Sponsored_Firms_deloitte.png
Wholesale and retail.jpg

With ever-increasing challenges in the wholesale and retail industry, senior tax practitioners at Deloitte Germany consider the impact of amount B on the profit allocation of multinationals operating in the sector

The wholesale and retail industry continues to stand on the brink of a paradigm shift, largely influenced by critical factors such as digitalisation-driven new pricing strategies and targeted marketing, AI-induced personalised shopping experiences, and robust online marketplace platforms. Simultaneously, multinational firms in the wholesale and retail industry are grappling with numerous disruptive social, economic, and legislative forces such as inflation, shifting consumer preferences towards sustainable products, a shrinking labour force, and regulatory obligations such as carbon border taxes and the German Supply Chain Act.

Consequently, multinational firms in the wholesale and retail industry increasingly find themselves at a crossroads where they must navigate challenges to remain profitable and at the same time invest in new technology and business models to keep pace with rapid digitalisation and competition (see Deloitte’s 2024 US Retail Industry Outlook).

As competition in the retail sector is fierce, distributors are always on the lookout for new ways to engage customers and increase profitability. With the advancement of AI in the retail space, firms have been enabled to offer tailored experiences to consumers through AI-supported algorithms that use browsing histories, shopping patterns, consumer ratings, and preferences to make personalised recommendations, and through tools such as virtual try-ons and 24/7 AI chatbots providing customer service.

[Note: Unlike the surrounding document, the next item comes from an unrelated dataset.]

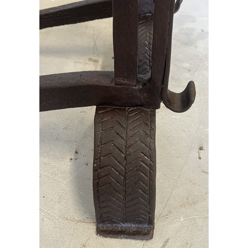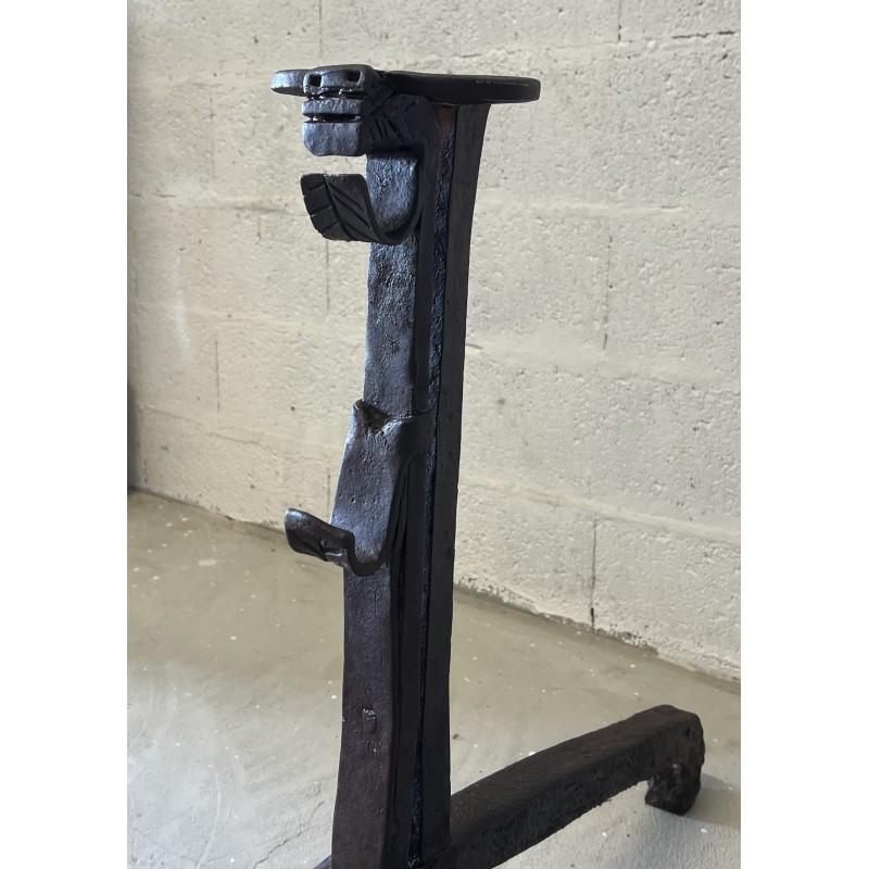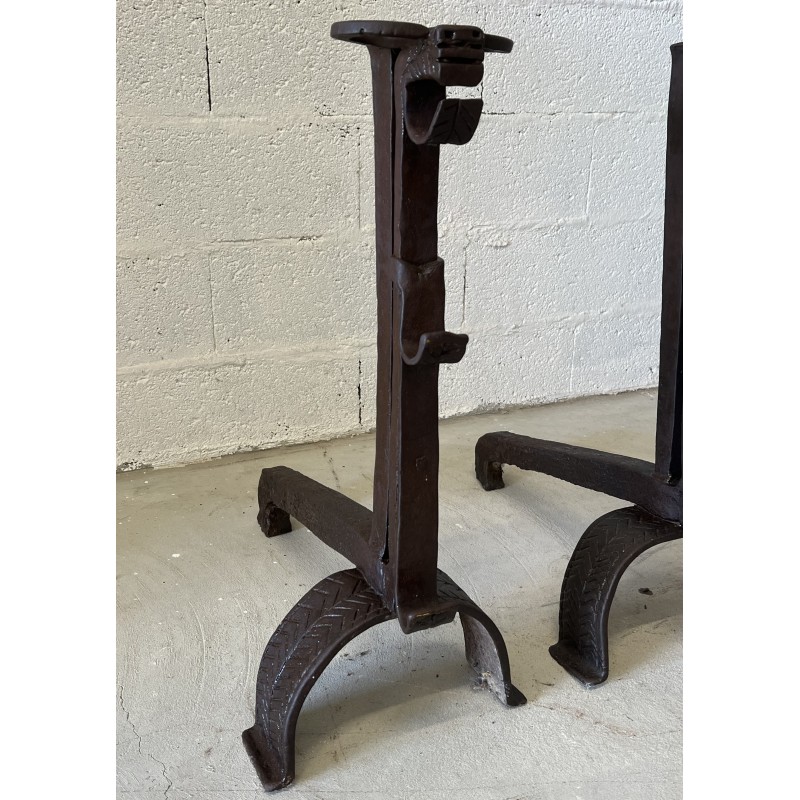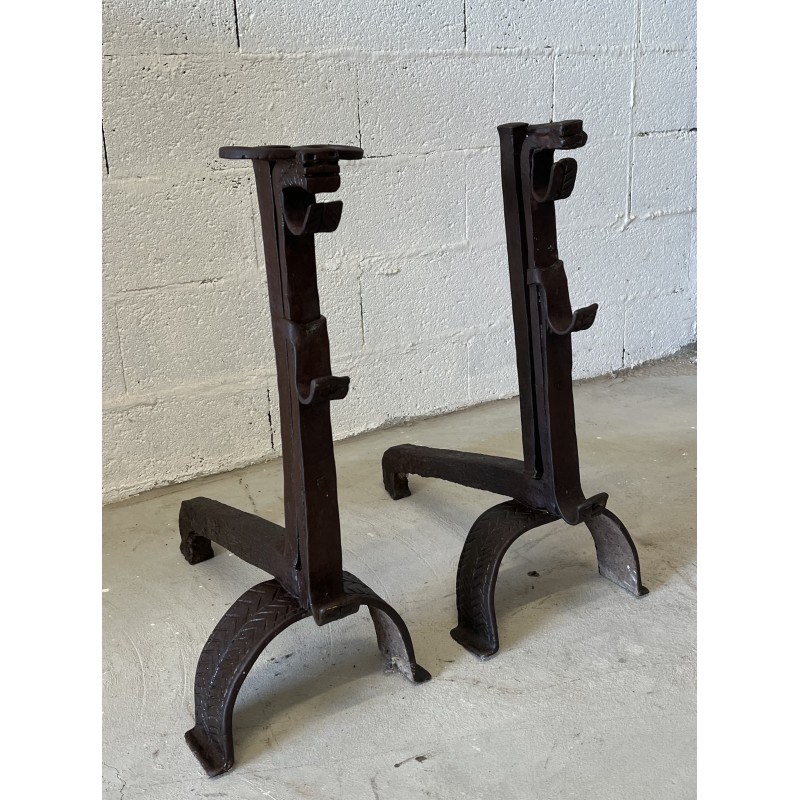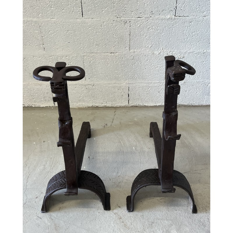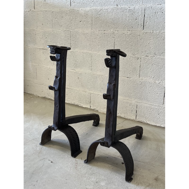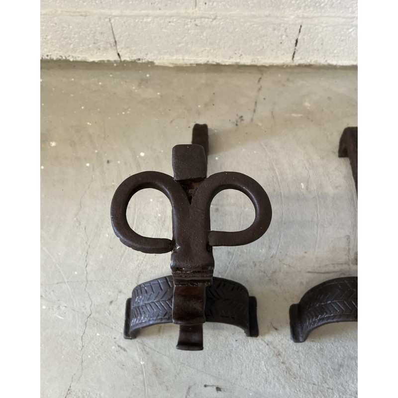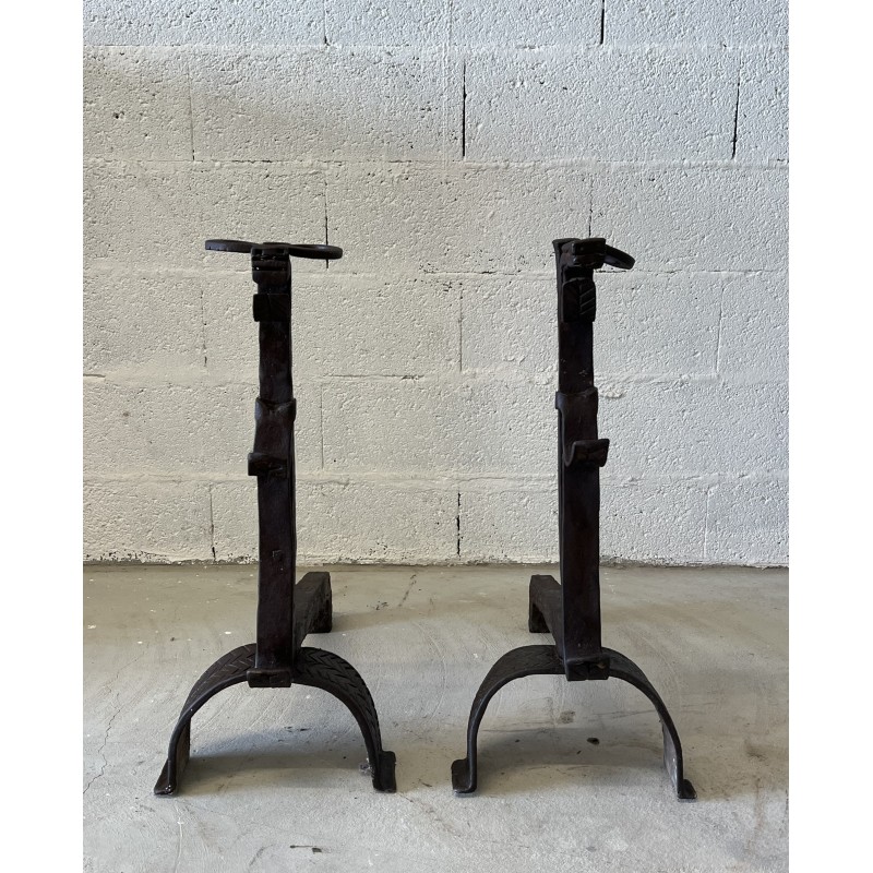 Une paire de chenêts en fer forgé.

Since the application of AI and digital technology has expanded to enrich the in-person retail experience of consumers, multinational firms active as retailers are increasingly spending on smart displays, interactive signage, augmented reality, and virtual reality product trials (see Deloitte’s Future of the Store).

As digital transformation continues, growing geopolitical challenges increasingly put a strain on multinational firms in the consumer goods industry as they expose vulnerabilities in supply chains. As a consequence, firms in the wholesale and retail industry are concentrating on supply chain diversification and aiming to reduce their dependence on suppliers and consumers in certain regions, while improving supply chain efficiency to minimise vulnerabilities (see Deloitte’s 2024 US Retail Industry Outlook).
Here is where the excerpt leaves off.